Teenage pregnancy is a challenge for many nations, including in my home country of Jamaica, where the teenage pregnancy rate in 2008 was the fourth highest in the Caribbean, with 72 out of 1,000 adolescent girls becoming mothers. Poverty, limited sexual reproductive health education, and sexual abuse were factors behind that stark statistic nine years ago. This rate declined to 59 out of 1,000 adolescent girls in 2015, a rate that is still far too high when compared to regional and global averages.
In this video, Dasmine Kennedy, 2017 Echidna Global Scholar, describes her work with school-age mothers in Jamaica.
In my new policy brief, Jamaica’s policy for the school reintegration for teenage mothers: How are we doing and where do we need to go, I explore what is being done to ensure that these young women continue their formal education during and after pregnancy.
For Jamaica, education access is often dismissed as a non-issue, particularly since gender parity and universal enrolment have been achieved. Yet teenage pregnancy is one of the main factors that prevent educational participation and completion for many girls. Jamaica’s 1980 education regulations stipulate that a girl who becomes pregnant “shall be excluded from attending the [public educational] institution” but may be permitted to return after the birth of her baby upon the discretion of the Education Minister.
Yet countless studies show that education is a powerful tool that enables teenage mothers to gain personal, financial, and social empowerment – providing them with the foundation to improve their life circumstances for themselves and their children. The absence of an education, however, results in the opposite: discrimination, exclusion, and the perpetuation of poverty. What’s more, the Child Care and Protection Act, and international conventions such as the Convention on the Rights of the Child and the Convention on the Elimination of All Forms of Discrimination against Women, to which Jamaica is a signatory, decree that everyone has the right to an education, including teenage mothers.
In an attempt to establish inclusive education for all, the Ministry of Education, Youth and Information implemented the National Policy for the Reintegration of School-Age Mothers into the Formal School System in 2013. The policy was a significant step toward ensuring that young mothers return to school and complete an education, thus improving their chances to provide for themselves and their children. No formal evaluation of the policy has been undertaken to date, but my tenure at the Brookings Institution has allowed for a preliminary evaluation, which has revealed some startling findings.

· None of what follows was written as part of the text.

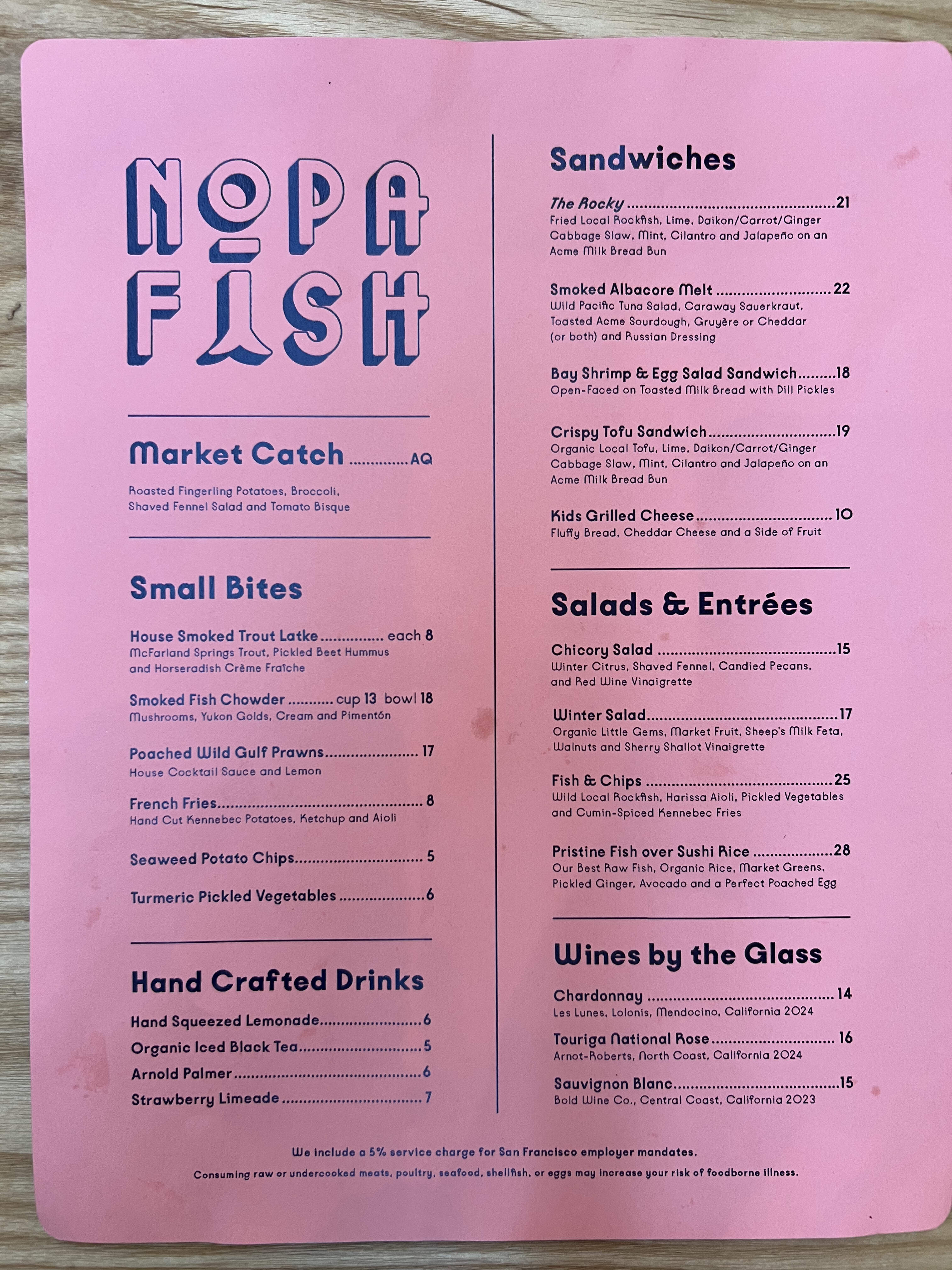 Yesterday I had lunch at the somewhat recently opened (June 2025) Nopa Fish in the Ferry Building. Nopa Fish is a casual restaurant and seafood market from chef Laurence Jossel who also runs Nopa on Divisidero in NoPa.

Indeed, not all girls, especially those from lower socio-economic situations, are able to benefit from this second chance of completing their formal education. In fact, some teen mothers face multiple barriers in their return to school, including a lack of financial or social support from the parents of teen mothers or from birth fathers. Furthermore, when young mothers do return to school, a subsequent lack of counseling support and little to no childcare often lead to frequent absenteeism and school dropout.
In this regard, policymakers should seek to provide additional support through a range of services such as social welfare, parenting education, and child guidance to ensure that these young mothers complete secondary level education.
My policy brief reveals mixed buy-in from critical stakeholders, including school administrators, whom, while not averse to having a policy for the reintegration of school-aged mothers, seem ambivalent when it comes to implementation. Some of this may be rooted in social norms surrounding expectations of what teenage girls should and should not do.
Further, the level of involvement shown by guidance counselors working with the girls varied among the institutions surveyed as part of my research. Some counselors were integrally involved, while others were either unaware of the policy or not allowed to interact with the girls, thus resulting in the unequal reintegration of teen mothers.
My research surfaced how critical it is that these and other key stakeholders, including parents, community personnel, biological fathers be consulted with and engaged in carrying out the reintegration policy. Such consultation and engagement is a key to ensuring that the most vulnerable benefit from the provisions of the policy. Likewise, for this policy to succeed, these stakeholders must understand the greater need for reintegration and the correlation with teen mothers completing their education and girls’ empowerment, poverty reduction, and societal development.
We know from the book by Michael Barber, Andy Moffit and Paul Kihn, Deliverology 101: A Field Guide for Educational Leaders that communication is paramount for enduring reforms to take hold. Until everyone understands his or her role in implementing a particular policy, the stated aspirations of policymakers will have no impact. A communication plan laying out the wide-ranging benefits of a completed education and explaining how parents, teachers, counselors, and school administrators are essential for effectively addressing this issue is critical at this stage.
My brief offers recommendations for closing implementation gaps to ensure the needs of the most vulnerable are met.
A key takeaway is that all state and non-state actors involved in girls’ education must pull together to ensure that no teen mom is left behind.